It’s time to throw a ton of shrimp on the barbie and get grilling with this shell-on recipe.
If you’re looking for a recipe that is ALL about celebrating the simplicity of perfectly grilled shrimp that has been kissed by charcoal – this is it. No complicated flavors, no over the top marinades, just a recipe that lets the fresh seafood and the grill be the stars of the show.
When it comes to grilling shrimp, keeping the shell on definitely has the advantage. The idea of leaving the shell on is primarily to protect the tender meat. It provides a more robust layer to shield against the flame, a heat deflector, if you will. Charcoal grilling lends the most superb flavor to shrimp, and I’ve experimented quite a bit with the best way to grill a shell-on shrimp. I’ve left them completely whole in a marinade, tried them with peeled the tail portions, and also butterflied them open while leaving the shell intact.
The main issue with leaving them completely whole is that while they get a great color and appearance, you’re peeling away all that amazing flavor when you remove and discard the shells. It’s nearly a food-tease! There’s so much visual promise, but they don’t taste at all how they look. That’s why this butterfly method is actually my favorite. It’s very simple, but it really does let the delicate sweet flavor of the shrimp shine AND lets you taste all those lovely charred edges, too.
When it comes to grilling shrimp, buying extra large size is also a great idea for three reasons. First, the bigger the protein, the better it can handle the heat. This principle applies to most meats – the thickness of steaks, keeping muscles whole, etc. So, the larger your shrimp, the longer it takes for them to dry out. Second, larger shrimp are less likely to fall through the gaps in your grill grate and are certainly easier to manoeuvre with tongs than fiddly little ones! Third and finally, why on earth WOULDN’T you want more shrimp per bite?!

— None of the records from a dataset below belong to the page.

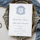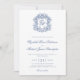 Este convite de casamento com monograma azul francês elegante apresenta um brasão ornamentado com caligrafia cursiva entrelaçada para as iniciais dos noivos e os nomes, em preto e branco clássicos. Encontre produtos correspondentes na coleção ou envie uma mensagem através do Zazzle Chat para mais produtos e ajustes de design.
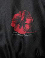 Dolce & Gabbana Black Red Floral Silk Bomber Blouson Jacket
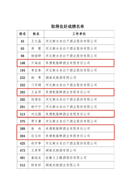 在第五届全国白酒品酒职业技能竞赛中,衡水老白干及旗下四家子公司18位选手稳定发挥,取得良好赛果,被聘任为“2025届国家级白酒评酒委员”;其中腾博会官网酒业孙玉玲、刘志强、王金萍、敖冉、亓海波5位选手参加比赛,通过比赛斩获优异成绩,均被聘任为“2025届国家级白酒评酒委员”。腾博会官网酒业成为河北省除衡水老白干酒业外最多入选人数的酒企,其中,敖冉、亓海波两名选手初次参赛获聘国家级白酒评酒委员。
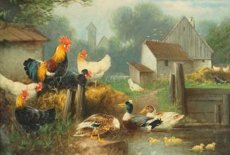 Öl/Lw., Federvieh mit Entenfamilie am Teich, unten links sign und bez., 26,5 x 40 cm, HR
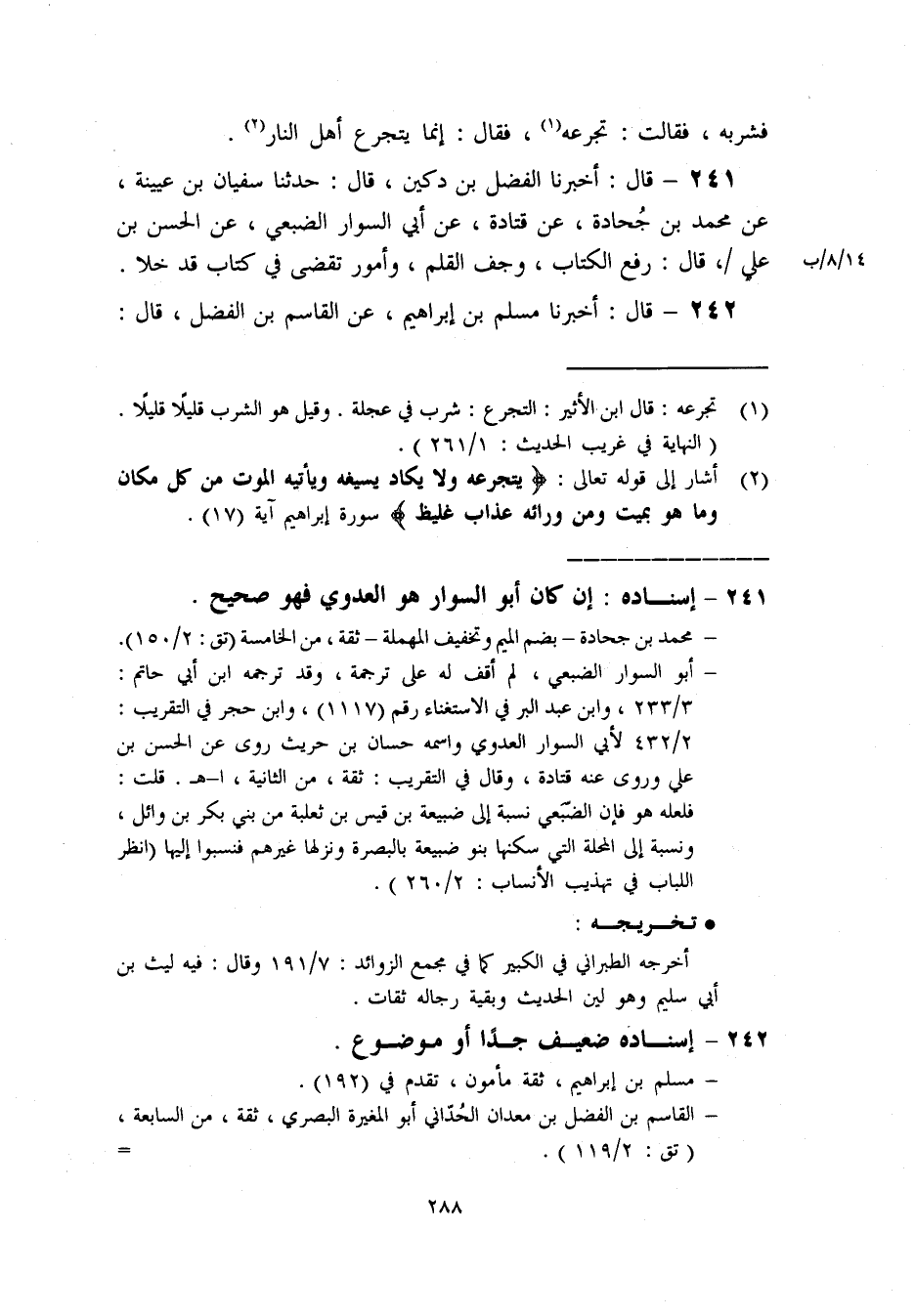 241- قال: أخبرنا الفضل بن دكين. قال: حدثنا سفيان بن عيينة.
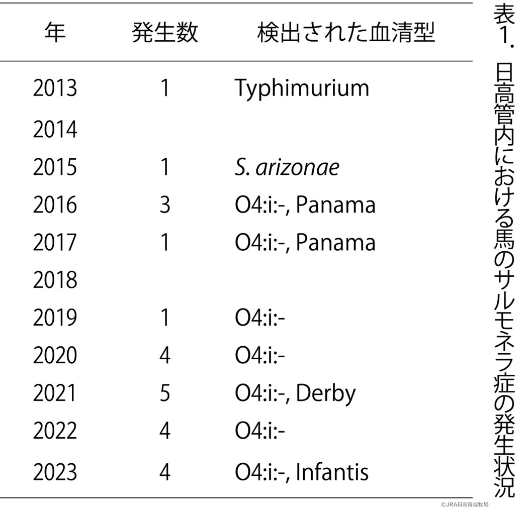馬のサルモネラ症は、他の家畜と比較しても少なく、ときおり牧場内の集団発生が認められる程度です。日高管内では1981~2年にかけて述べ20戸52頭が感染し、9頭が死亡するというサルモネラ症の大きな流行がありました。しかし、それ以降は日高管内や胆振管内の軽種馬生産牧場や十勝の重種馬生産牧場において散発的な発生が確認されるのみで、発生の少ない時期が続いていました。しかし、近年、日高管内において毎年のように馬のサルモネラ症が発生しています(表1)。これらの事例から検出される血清型の多くは、O4:i:-という血清型で、鞭毛の一部を失ったネズミチフス菌の変異株と考えられています。O4:i:-は、1997年にスペインで確認されて以降、世界中に広がり、日本においても2000年代ごろから検出されはじめ、現在では牛や豚で最も多く検出されている血清型となりました。2016年以降に日高管内で発生したO4:i:-による集団感染事例の中には同じ遺伝的特徴を持つ株によって馬と牛が感染している事例あることがわかり、日高管内では動物種を超えてサルモネラが伝播したことが明らかとなっています。
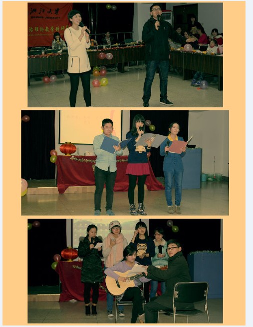 晚会由思政教研部硕士研究生和博士研究生自编自导的14个节目组成,包括舞蹈、歌曲、乐器弹奏、相声、魔术、朗诵、情景小品等多个类别的活动,其中歌曲类包括独唱、二重唱、外文歌曲串烧等多形式的展现方式,晚会节目内容丰富,精彩纷呈。晚会开始前,硕士一年级的同学们通过四段幽默搞笑同时又十分感人的视频向思政教研部全体老师及同学送上了新年祝福,同时也通过视频展现了各个宿舍同学们相识半年以来生活的点点滴滴,浓浓的姐妹情、兄弟情展现在其中。本次晚会由洑景亭同学和杨光同学担任主持,赵云旎同学领衔的现代舞为晚会正式拉开了序幕。赵恩国博士以一曲《梅花三弄》古琴弹奏为晚会带来了一股深厚的人文气息,而石然博士的一首《死了都要爱》则将晚会带入了第一个高潮,之后汪义勇和刘佳两位同学的相声在吸收了原有节目的精华基础上,又加上了个人搞笑语录和当下同学们关注的事件,笑点不断,可谓相当精彩!第一部分最后由王瑞同学主持的游戏环节也使大家笑得合不拢嘴,场上场下互动热烈。
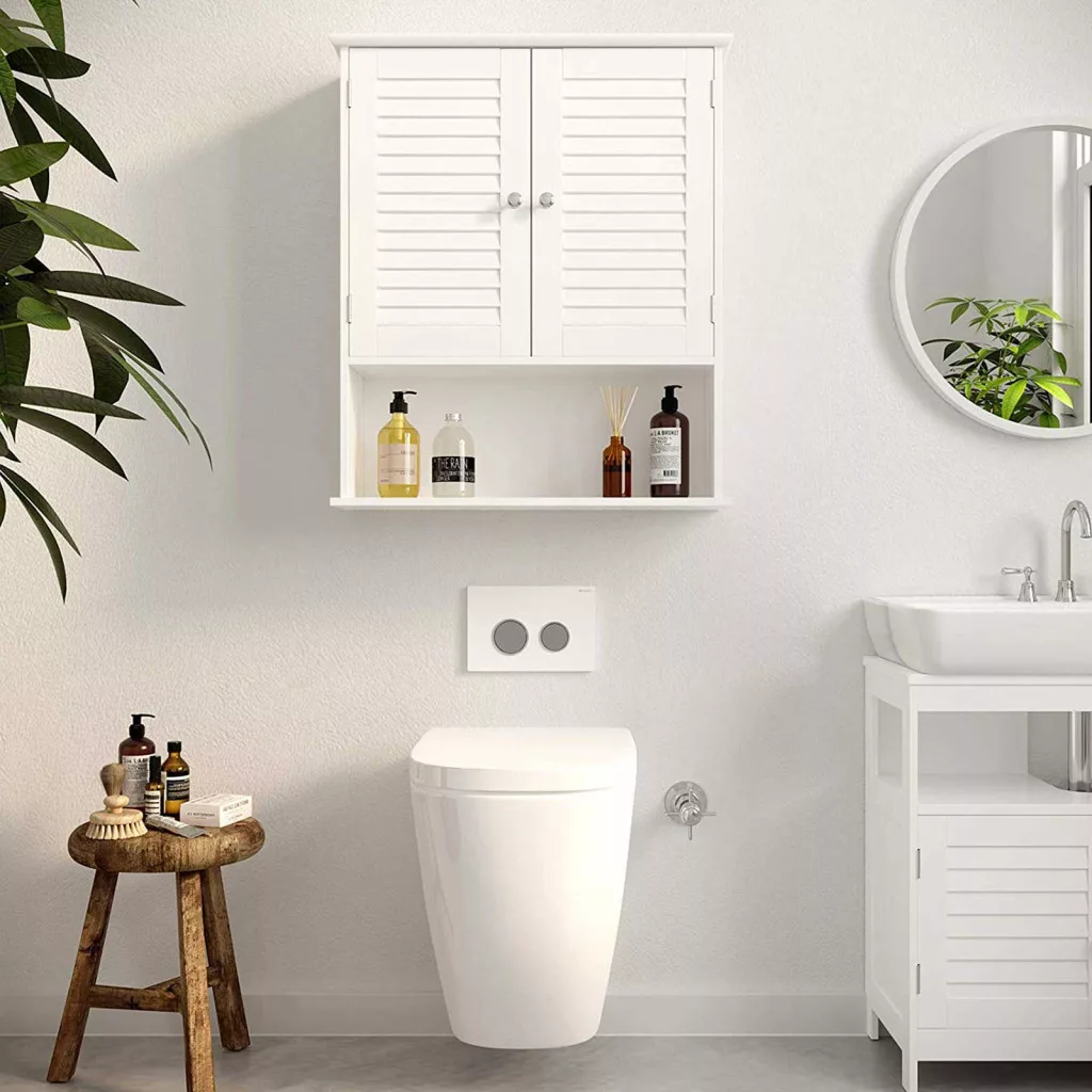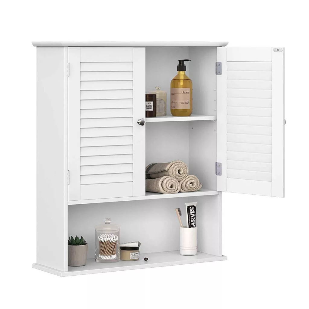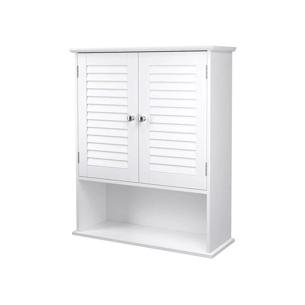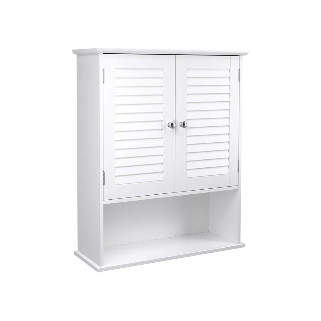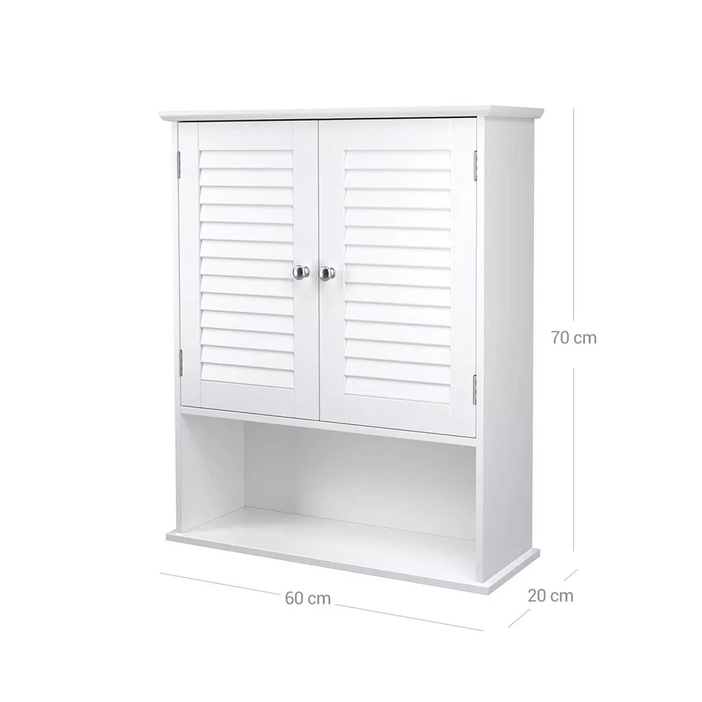 VASAGLE Fali Fürdőszobai Szekrény Zsalus Ajtókkal Fehér MDF
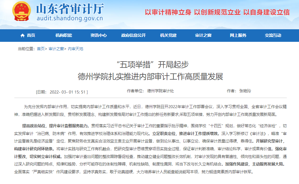 【山东省审计厅】“五项举措”开局起步 开云网址合集扎实推进内部审计工作高质量发展
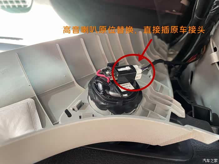 高音喇叭安装在A柱位置,直接原位替换,安装方便。
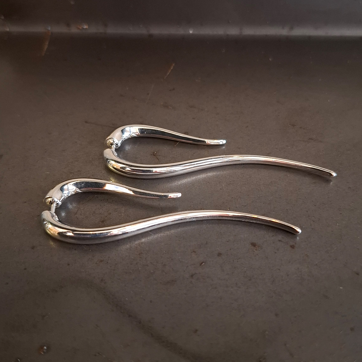 Σκουλαρίκια από επιροδιωμένο ασήμι 925ο, σχεδιασμένα από το studio Eleftheriou. Ρευστές, οργανικές γραμμές αγκαλιάζουν το αυτί πέρα από τα συνηθισμένα! Ιδανικά για εσάς που αναζητάτε statement κοσμήματα που θυμίζουν έργα τέχνης!
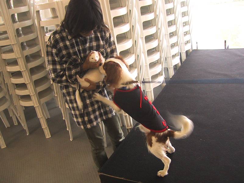 会場での一こまです。 Zおやじさん家のフェレットちゃんに遊んで欲しそうな蒼い彗星さんの「とら」くんです。

A few tips for this grilled shrimp recipe:
- I dry brine the shrimp in advance to make sure they have a lovely salty flavor to the flesh, it doesn’t take more than 20-30 minutes and is an easy way to quickly improve flavor.
- Following advice from Serious Eats, I add a pinch of baking soda to the shrimp so they have a firm and snappy texture (as opposed to slightly mushy). It does turn the shells a little white, but the texture is SO worth it. So the final brine recipe is: 1 teaspoon of kosher salt and 1/4 teaspoon of baking soda per pound of shrimp.
- The right knife can do wonders for butterflying the shell-on shrimp, and the best tool for this task is the Gerber Vital. It’s got replaceable blades just like a scalpel, but they’re small enough to give you lots of control.